In 2010 she wrote a piece for Kompas about the Suramadu Bridge between Surabaya with Madura. She started by seeing it as a spiritual and physical link bringing the island people closer, a metaphor for unity, but reality got in the way.
During a long cramped trip on a bus without a toilet she chatted with a poor young student and discovered the beautiful, gleaming bridge, pride of the province, had made little impact on ordinary folk. Madura, despite the politicians’ promises, remained underdeveloped and journeys had been only marginally shortened.
When a Sidoarjo hospital banned staff from wearing headscarves, Lan Fang came to the defence of women’s rights, cutting to the heart of the issue: Attitude, not attire.
She was reported as saying: “Although I’m a non-Muslim, I was happy when I was cared for by a medical attendant who was wearing a headscarf because she was kind and professional.”

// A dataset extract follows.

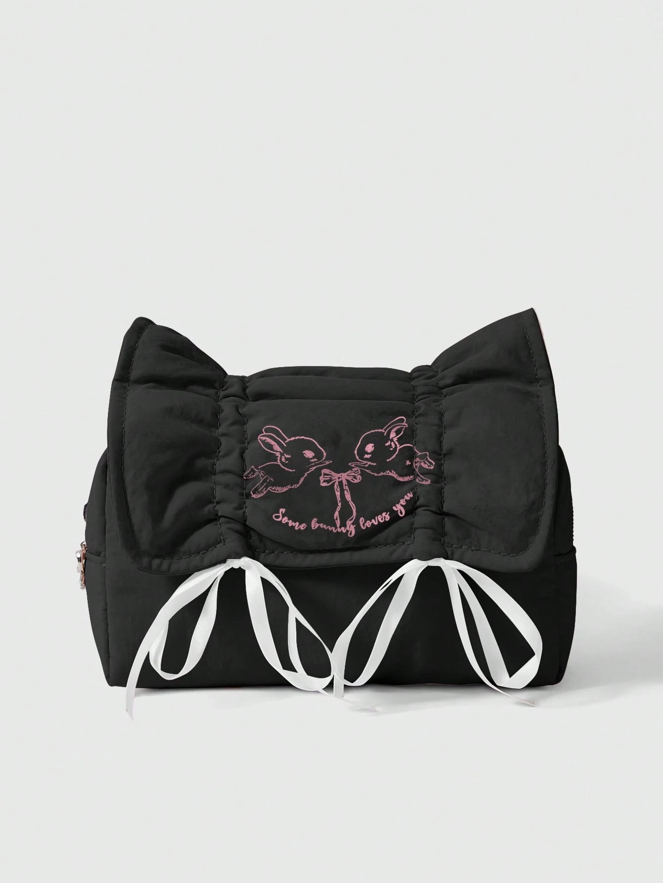 Kawaii Vintage niedliche Schleife Kordelzug Großraum tragbare Kosmetiktasche & Stifteetui mit Schleifen-Reißverschlusszipper

In 2007 she was nominated for the Khatulistiwa Award for Lelakon (shadow play story). In the following two years her short stories were selected for the Sastra Pena Kencana Award.
Her output included Reinkarnasi (Reincarnation), 2003, Pai Yin, 2004, Laki-Laki Yang Salah (The Wrong Man), 2006 and Ciuman di Bawah Hujan (A Kiss in the Rain) 2010.
At the launch of this last book she said she wrote in a trance for five months; “I cried a lot watching the practise of politics in this country,” she told Antara news agency. “When writing I was divided by three emotions, anger, pain and sadness … now I find little political news worth reading.”
Little is publicly known about her private life. She had triplet daughters but kept silent on personal matters, being more interested in issues of State and art. An individualist she dressed casually, arousing comment in a culture where women are supposed to be clotheshorses. Writing was more important than wardrobe.
Although exploring the unfairness of laws and cultural practices, she rejected the feminist label, seeing it as too restrictive. Her other themes were pluralism and the need to cross social, cultural and religious barriers.
“In the beginning of her comeback, the majority of her short stories were written based on her personal experiences,” said Professor Darma. “The characters were her own friends and acquaintances.
“Bit by bit, however, she moved from true reality into more imaginative worlds, so that by reading her short stories, it’s as if the reader feels he or she is no longer in Lan Fang’s personal life. She kept the distance between the narrator and the author herself as the creator of the narrator.
“Her contribution is significant, and yet, because she passed away too young, she was unable to make use of all her energies to contribute more to Indonesian literature.”